Pakistani banks demonstrated exceptional performance in 2024, leading the Asia-Pacific (APAC) region with some of the best-performing stocks, according to data from S&P Global Market Intelligence. Four banks from Pakistan secured positions in the top 10 rankings, showcasing the resilience and strength of the country’s banking sector amid global economic challenges.

United Bank Limited (UBL) stood out with a total stock return of 159.7%, earning it the second spot among the region’s top-performing bank stocks. UBL’s market capitalization of $1.68 billion underscores its significance in the financial landscape. The bank was outperformed only by Indonesia’s Bank Artha Graha Internasional Tbk, which achieved a total return of 193.2% with a market capitalization of $270 million.

Pakistani banks benefited significantly from the country’s economic recovery in the latter half of 2024. After enduring a period of economic instability marked by inflation and declining investor confidence, Pakistan turned the corner with the help of an International Monetary Fund (IMF) funding program. The implementation of stringent fiscal and monetary policies, coupled with timely external payments and a smooth government transition, contributed to a rebound in the local stock market. Many banks that had previously experienced share price slumps recovered strongly, reflecting improved macroeconomic conditions.

The resilience of Pakistani banks in 2024 was a bright spot for the region. While Japan was the only country with multiple entries in the top 10, including SBI Sumishin Net Bank Ltd and Rakuten Bank Ltd, other high performers came from Vietnam, Bangladesh, and the Philippines. Notably, no lenders from China or India made the top-performing list.

Mainland China’s Jilin Jiutai Rural Commercial Bank Corp Ltd recorded the worst stock performance in the region, with total returns falling by 52.9%. Other underperformers included Indonesia’s PT Bank Neo Commerce Tbk and PT Allo Bank Indonesia Tbk, with declines of 50% and 45.7%, respectively. Indian banks such as RBL Bank Ltd and IndusInd Bank Ltd also struggled, with total returns dropping between 38.0% and 43.1%.

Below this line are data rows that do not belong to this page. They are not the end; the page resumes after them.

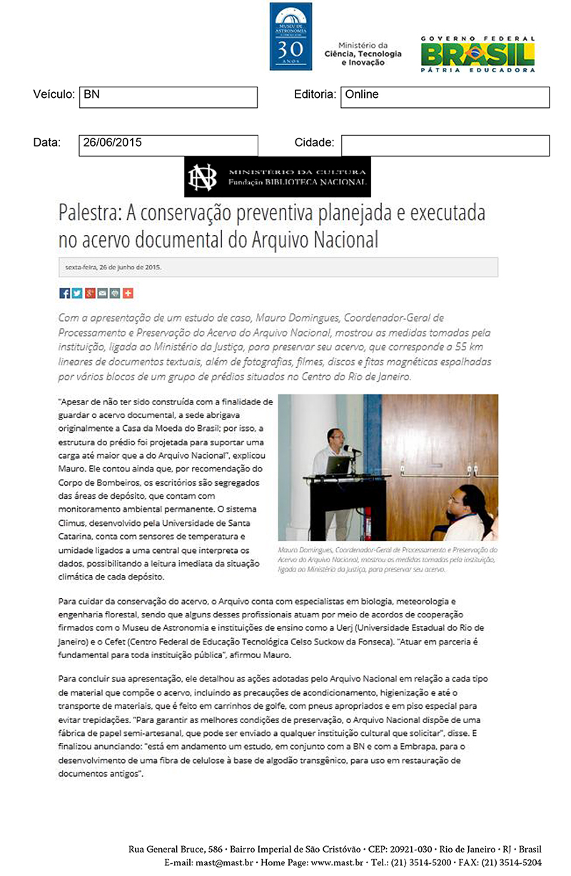 BN | Palestra: A conservação preventiva planejada e executada no acervo documental do Arquivo Nacional
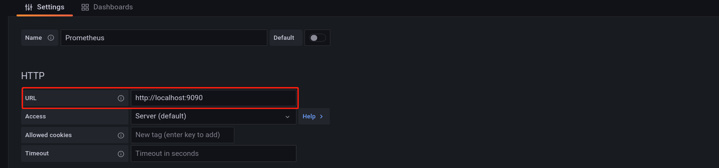 选择 Prometheus 数据源,进入以下配置数据源页面
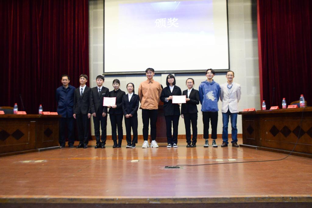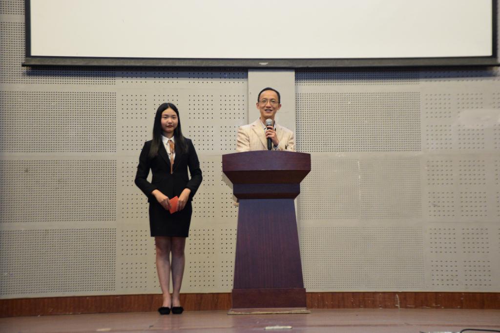党委副书记王辉、团委书记刘静、团委艾芮玄,外国语学院张亚暾老师,出席本次交流赛并担任评委。

China’s slowing economic growth and India’s subdued credit activity further weighed on their banking sectors. The Reserve Bank of India projected GDP growth at 6.6% for the fiscal year 2024–25, down from 8.2% in the previous fiscal year, reflecting broader economic challenges.

In contrast, Pakistan’s banking sector capitalized on the country’s improving economic fundamentals. According to Awais Ashraf, director of research at AKD Securities Ltd, sustained economic reforms are essential for maintaining this recovery and reducing poverty. The World Bank also emphasized the importance of continued reform implementation to ensure long-term stability and growth.

The APAC rankings, which focused on banks with market capitalizations above $100 million as of December 31, 2024, revealed that small-cap banks dominated the list. Only six of the top 15 performers surpassed a market capitalization of $1 billion, highlighting the ability of smaller institutions to navigate challenging environments effectively.

Pakistani banks’ performance reflects their resilience in a competitive and volatile financial landscape. Their success underscores the potential of emerging markets to drive regional growth, even as larger economies like China and India face economic headwinds. The recovery of Pakistan’s banking sector not only highlights the importance of adaptive strategies and investor confidence but also reinforces the critical role of macroeconomic stability in achieving sustained success.